(Beginning of DATASET CONTENT)

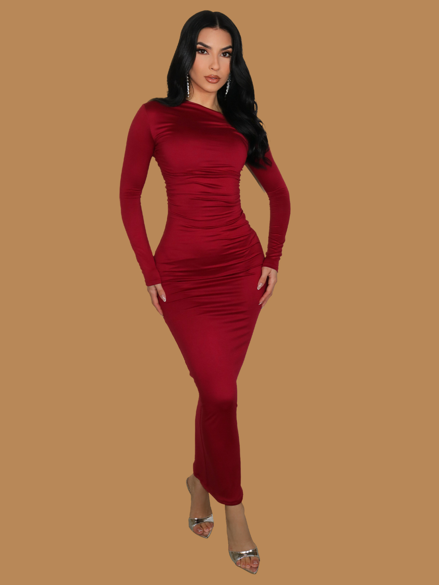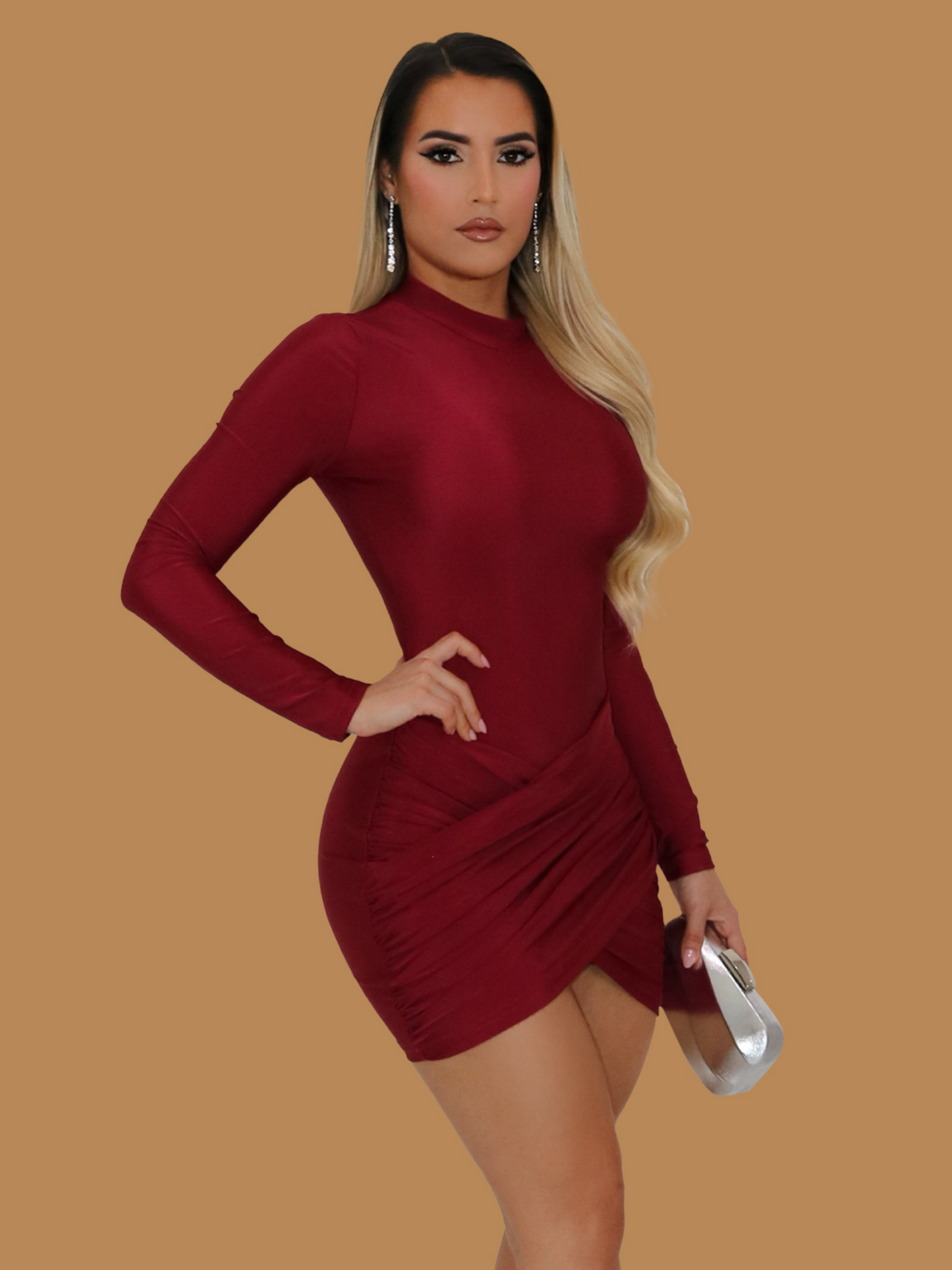 BURGUNDY LONG SLEEVE MINI DRESS
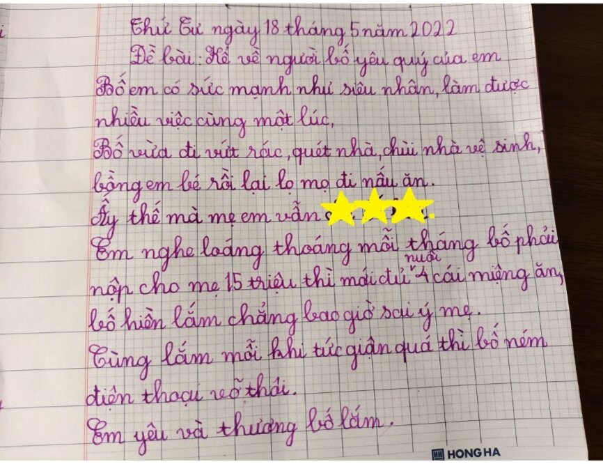 Old  Default Học sinh tiểu học tả bố "như siêu nhân" nhưng mẹ đọc xong lại ngượng chín mặt, đến đoạn cuối thì ngã ngửa
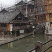 趁着薄雾前往位于肇兴以东7公里的山腰上的堂安,只是听说这地方只是一座只有160多户,800多人口的侗寨,是中国和挪威合作建立的世界上唯一的一座侗族生态博物馆。堂安距今已有700多年的历史,但只是寨子里的长者如此说的。只因侗族没自己的文字也就无从考证这堂安到底建于哪一年了。 鼓楼高高的鼓楼矗立在寨子的中央,旁边是戏台。三三两两的几个人就散落在鼓楼下漫无目的的闲谈着,对面的池塘里有着浣戏的妇女。随着青石台级而上却见到了堂安的另一个宝——母亲井瓢井。瓢井是用来盛泉水的石斗,由青石打造,由于其左右各有一凹槽,形似木瓢而得名。据说正是因为有这股泉水,才有了堂安,要知道生活在堂安这样海拔935米的高坡上,
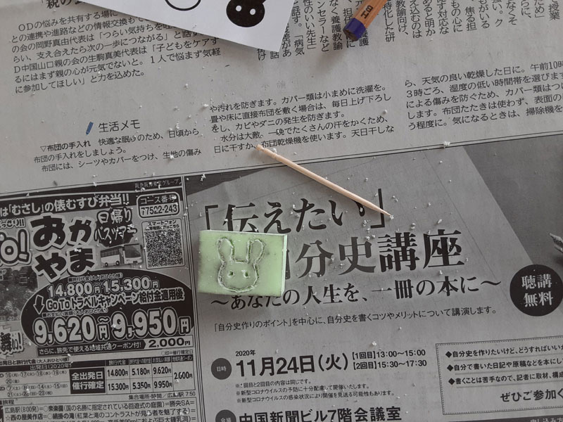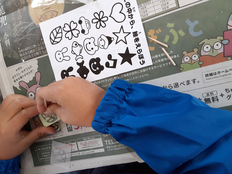 講師は市内在住のみやびらんど★消しゴムはんこ/保育教材/工作教室/デザイン (miyabiland.com)の藤嶋みやび先生。保育士資格を持ち、グラフィックデザイナーとして各種イベントでワークショップを開催したり、地元ケーブルテレビで工作番組にも出演されています。
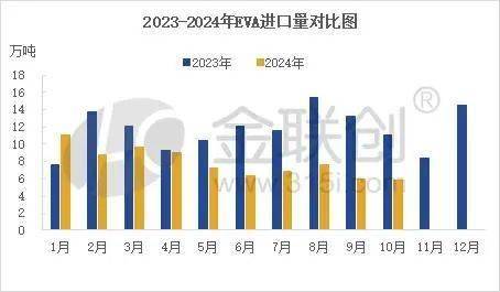 2024年10月EVA进口量为5。75万吨,同比削减48。09%,环比削减3。59%。终端需求跟进欠安,加之进口成本偏高,商业商采购心态隆重,10月份进口量环比。
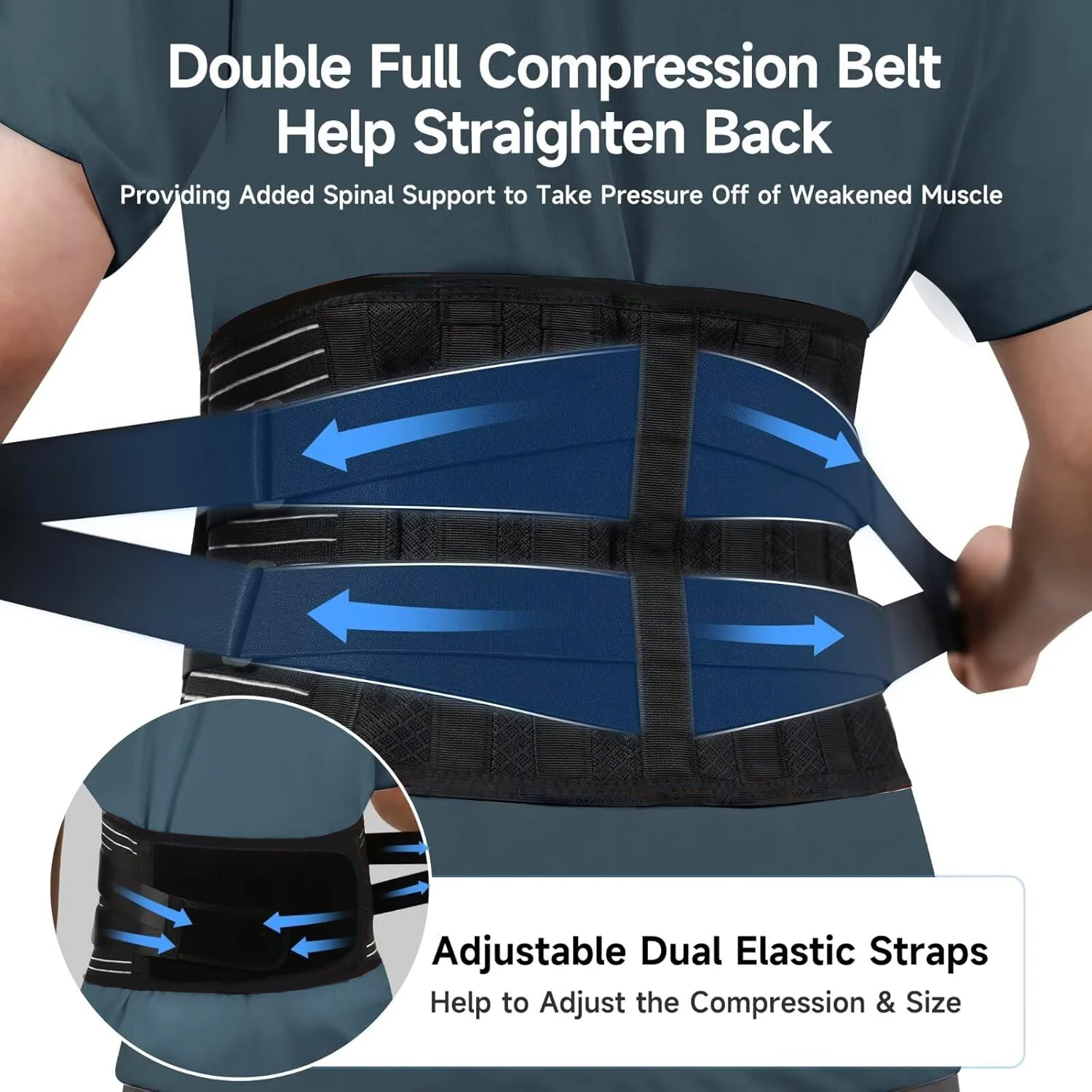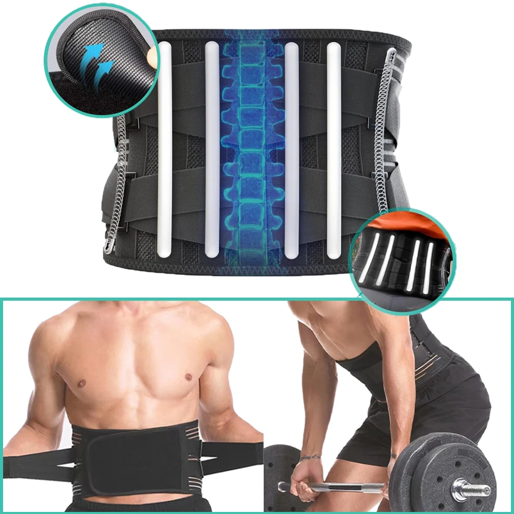 The Back brace contains 4 Memory-aluminum stays that are quadruple harder than the commonly used PP strips,and 2 steel springs placed along the waist side, offer 360° stronger vertical support to lower back,prevent excessive rolling of your muscles and decrease the pressure on your discs.
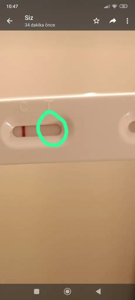 Evet var bir çizgi çooook hafif gölge gibi. YArın sabah ilk idrar ile yaptığında gebelik varsa daha koyu çıkması lazım.Var mı sizce ilk on dakika ben hayalet bir şey gördüm ama resime yansımıştır umarım Eki Görüntüle 3256929
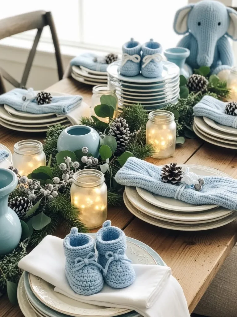 This setup feels like the coziest winter table you could imagine for a baby boy shower. Soft blue knitted booties sit sweetly on layered plates, paired with pale blue napkins tied up with little pinecones for a seasonal touch. The greenery running down the center looks fresh and wintry without feeling too holiday themed, which I really love. Warm candlelight from small glass jars adds that soft glow everyone secretly wants in winter, while the wooden table keeps everything grounded and natural. The little blue accents and plush details make the whole table feel thoughtful and gentle rather than overdone.
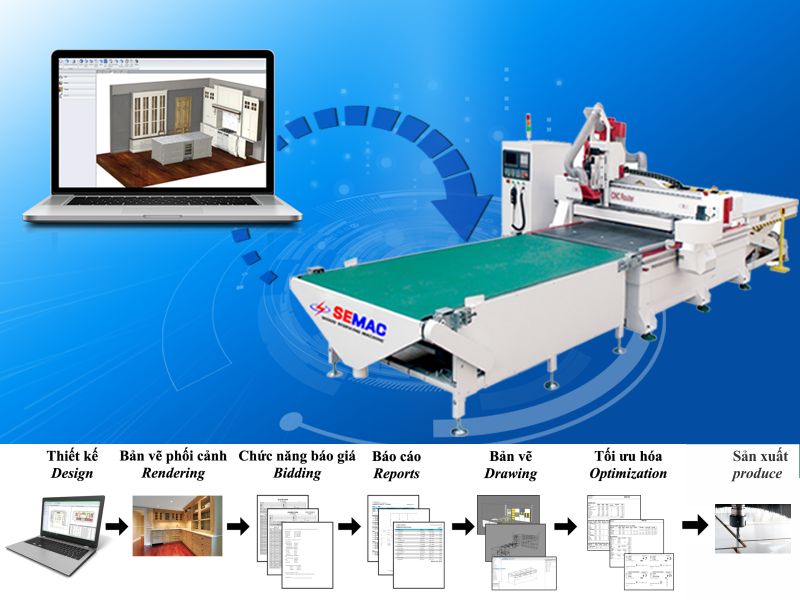Để rút ngắn thời gian sản xuất bằng quy trình sản xuất nội thất hoàn thiện và tự động hoàn toàn theo công nghệ 4.0 thì cần có một phần mềm thiết kế nesting, máy in tem và dán tự động, máy dán cạnh tự đông, máy khoan ngang cnc,băng chuyền đưa phôi….
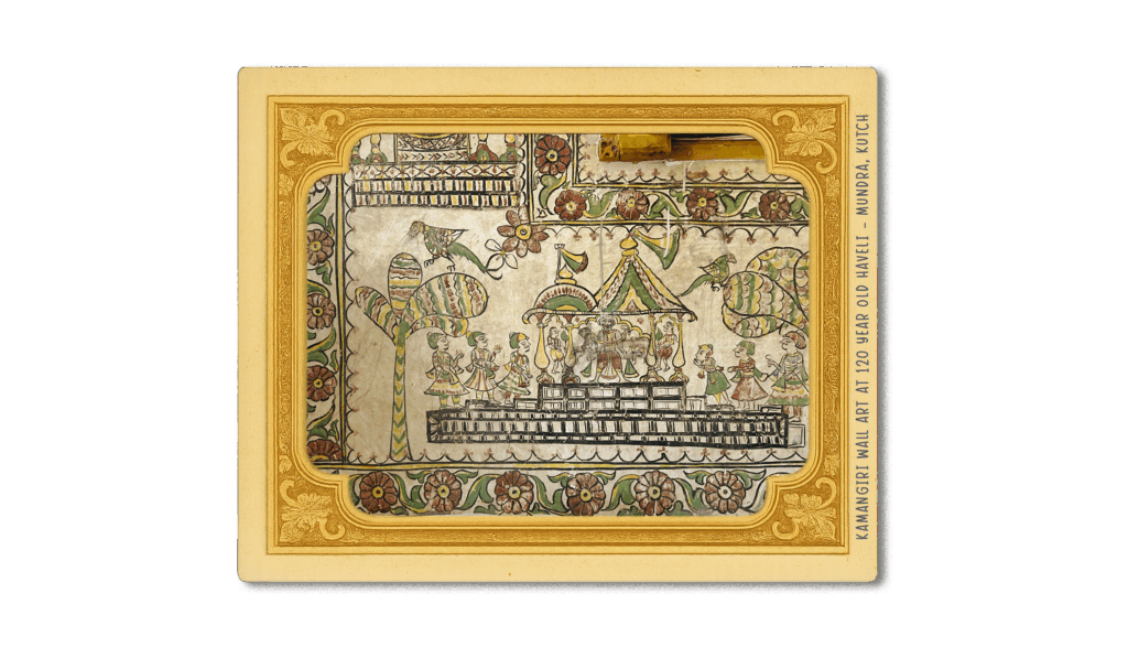 In the course of our fieldwork across Kutch, we encountered a mural tradition that once thrived but has now nearly disappeared from public memory. This is Kamangiri a visual storytelling practice that once adorned the walls of merchant homes, palaces, and public buildings between the mid-18th and early 20th century.
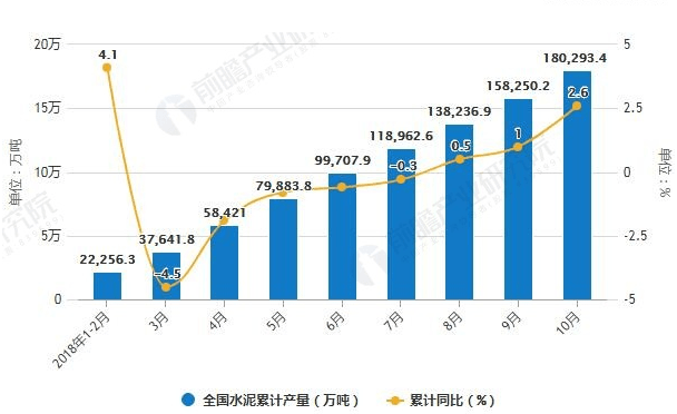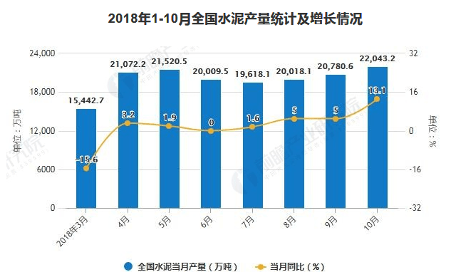 2018年1-10月全國水泥產量統(tǒng)計及增長情況
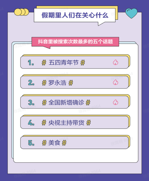 假期之中,抖音用户搜索最多的五个话题分别为,五四青年节、罗永浩、全国新增确诊、央视主播带货和美食。三个话题分别对应,五四青年节,直播带货和疫情信息。

(End of DATASET CONTENT)

• [EXERCISE GOAL]: Everything in the data except the pictures must be retyped exactly.

• [WRITTEN ANSWER]:
 BURGUNDY LONG SLEEVE MINI DRESS
 Old  Default Học sinh tiểu học tả bố "như siêu nhân" nhưng mẹ đọc xong lại ngượng chín mặt, đến đoạn cuối thì ngã ngửa
 趁着薄雾前往位于肇兴以东7公里的山腰上的堂安,只是听说这地方只是一座只有160多户,800多人口的侗寨,是中国和挪威合作建立的世界上唯一的一座侗族生态博物馆。堂安距今已有700多年的历史,但只是寨子里的长者如此说的。只因侗族没自己的文字也就无从考证这堂安到底建于哪一年了。 鼓楼高高的鼓楼矗立在寨子的中央,旁边是戏台。三三两两的几个人就散落在鼓楼下漫无目的的闲谈着,对面的池塘里有着浣戏的妇女。随着青石台级而上却见到了堂安的另一个宝——母亲井瓢井。瓢井是用来盛泉水的石斗,由青石打造,由于其左右各有一凹槽,形似木瓢而得名。据说正是因为有这股泉水,才有了堂安,要知道生活在堂安这样海拔935米的高坡上,
 講師は市内在住のみやびらんど★消しゴムはんこ/保育教材/工作教室/デザイン (miyabiland.com)の藤嶋みやび先生。保育士資格を持ち、グラフィックデザイナーとして各種イベントでワークショップを開催したり、地元ケーブルテレビで工作番組にも出演されています。
 2024年10月EVA进口量为5。75万吨,同比削减48。09%,环比削减3。59%。终端需求跟进欠安,加之进口成本偏高,商业商采购心态隆重,10月份进口量环比。
 The Back brace contains 4 Memory-aluminum stays that are quadruple harder than the commonly used PP strips,and 2 steel springs placed along the waist side, offer 360° stronger vertical support to lower back,prevent excessive rolling of your muscles and decrease the pressure on your discs.
 Evet var bir çizgi çooook hafif gölge gibi. YArın sabah ilk idrar ile yaptığında gebelik varsa daha koyu çıkması lazım.Var mı sizce ilk on dakika ben hayalet bir şey gördüm ama resime yansımıştır umarım Eki Görüntüle 3256929
 This setup feels like the coziest winter table you could imagine for a baby boy shower. Soft blue knitted booties sit sweetly on layered plates, paired with pale blue napkins tied up with little pinecones for a seasonal touch. The greenery running down the center looks fresh and wintry without feeling too holiday themed, which I really love. Warm candlelight from small glass jars adds that soft glow everyone secretly wants in winter, while the wooden table keeps everything grounded and natural. The little blue accents and plush details make the whole table feel thoughtful and gentle rather than overdone.
Để rút ngắn thời gian sản xuất bằng quy trình sản xuất nội thất hoàn thiện và tự động hoàn toàn theo công nghệ 4.0 thì cần có một phần mềm thiết kế nesting, máy in tem và dán tự động, máy dán cạnh tự đông, máy khoan ngang cnc,băng chuyền đưa phôi….
 In the course of our fieldwork across Kutch, we encountered a mural tradition that once thrived but has now nearly disappeared from public memory. This is Kamangiri a visual storytelling practice that once adorned the walls of merchant homes, palaces, and public buildings between the mid-18th and early 20th century.
 2018年1-10月全國水泥產量統(tǒng)計及增長情況
 假期之中,抖音用户搜索最多的五个话题分别为,五四青年节、罗永浩、全国新增确诊、央视主播带货和美食。三个话题分别对应,五四青年节,直播带货和疫情信息。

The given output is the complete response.